[meteorite-list] The Grand SLAM: Rocketing Water to the Moon

From: Ron Baalke <baalke_at_meteoritecentral.com>
Date: Wed May 24 17:04:51 2006
Message-ID: <200605242050.NAA27442_at_zagami.jpl.nasa.gov>

http://www.space.com/businesstechnology/060524_slam_moon.html

The Grand SLAM: Rocketing Water to the Moon
By Leonard David
space.com
24 May 2006

BOULDER, Colorado - A strikingly simple concept would provide efficient
water provisions for human outposts/bases on the Moon. The idea is to
repeatedly clobber our already crater-rich neighbor with tons of water
ice - to establish an "anywhere, anytime" delivery system.

Not only could chucking a payload of water ice to the Moon help sustain
an expeditionary crew there, the impact mimics - in experimental form - a
comet strike. Therefore, it's a double-whammy: A science mission wrapped
within an exploration capability test mission.

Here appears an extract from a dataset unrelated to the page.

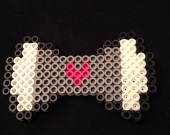 A pixel art representation of a video game controller, specifically a Nintendo Wii remote, is displayed. The controller is made up of small, square pixels in various colors, including white, black, and red. The pixels are arranged to form the shape of the controller, with the red pixels forming the 'A' button and the white pixels forming the 'B' button. The controller is set against a black background, which is also composed of pixels. | Companion Cube bow | 341b1cda58b50e507d4c3bf48bc07d66b09d8403e3753514af03775203c22774 | 000720936640 | 0 | 0 | 74 | 3 | 0 | 0 | |

Spearheading the speculative ploy - called SLAM - is Alan Stern, executive
director of the Space Science and Engineering Division here at Southwest
Research Institute (SwRI). He's the lead scientist on another far out,
but on the way, endeavor - the New Horizons spacecraft that is outbound
for Pluto.

"I hope the SLAM idea stimulates thought and gets people thinking a
little bit more out of the box," Stern told SPACE.com. "When we have
people on the Moon, they are going to need water. This is an
exceptionally efficient, low-cost way to get it there."

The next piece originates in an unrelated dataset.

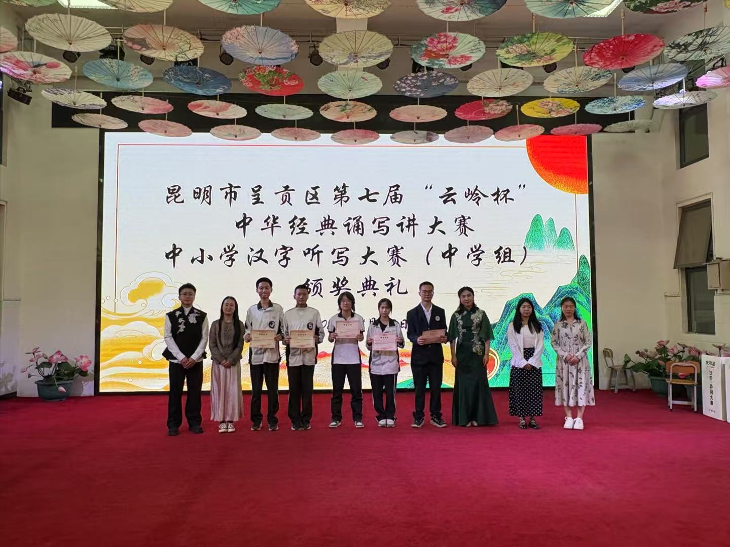 2025年4月23日,由呈贡区教育体育局与呈贡区教育科学研究院联合主办的第七届“云岭杯”汉字听写大赛在呈贡区第三小学圆满落幕。经过激烈角逐,云大附中呈贡中学代表队凭借扎实的汉字功底和出色的临场发挥,以绝对优势夺得团体总分第一名,再次展现了学校在传统文化教学领域的实力和深厚底蕴。

Cold traps, lukewarm thoughts

One perplexing issue for scientists and lunar exploration planners is
just how much water ice is at the Moon's poles in the first place.

Spacecraft that orbited the Moon - the Pentagon's Clementine (1994) and
NASA's Lunar Prospector (1998-1999) - relayed data that hydrogen, arguably
in the form of water ice, might be stashed within permanently shadowed
craters - called "cold traps" - at the lunar poles.

And, if water ice is there, that resource could be used by visiting
astronauts to make rocket fuel and oxygen. But is it there or not? And
if so, how much water ice is available and in what condition for processing?

NASA's back to the Moon thinkers are anxious to sort out the truth about
this possible lunar water inventory.

For instance, joining in on the robotic assault on the Moon by several
nations over the coming years is NASA's Lunar Reconnaissance Orbiter (LRO).

Thermal jacket

On LRO's 2008 mission a newly announced "secondary payload" is the Lunar
CRater Observation and Sensing Satellite (LCROSS). The LCROSS will
monitor the impact of a spent upper stage from the same mission,
leftover hardware that would impact a crater in the Moon's south pole
area. A plume of material should be tossed high above the Moon's
desolate landscape - then sensor-scanned in a look for lunar water ice.

If found, getting at that water ice at the poles won't be easy. Working
people and machinery in those cold trap climes would be tough. Light and
power reserves aren't easy to come by. Communications in and out of
those locales is an issue too.

And that's where SLAM meets these difficulties - head on.

SLAM needs no mid-course correction en route to the Moon, nor a
spacecraft for that matter. All that's necessary is a thermal jacket for
the water ice payload that's flung by rocket booster toward any selected
spot on the Moon.

"It appears to be entirely feasible, simple, and really cheap," Stern
said. A proprietary technique would be utilized to keep the water ice
ball from being buried too deep on impact.

At lunar impact speeds, virtually all of the ice will come to rest less
than 5 feet (1.5 meters) below the surface if properly pre-fractured.
Also, work done on the concept indicates that a majority of the water
ice that is slammed into the Moon is retained, with only 15 percent
vaporized.

Clean water act

SLAM could even serve as an emergency, launch-on-demand service, Stern
continued, for lunar-situated crews in need of a rapid recharge of
oxygen, hydrogen, or liquid water to drink.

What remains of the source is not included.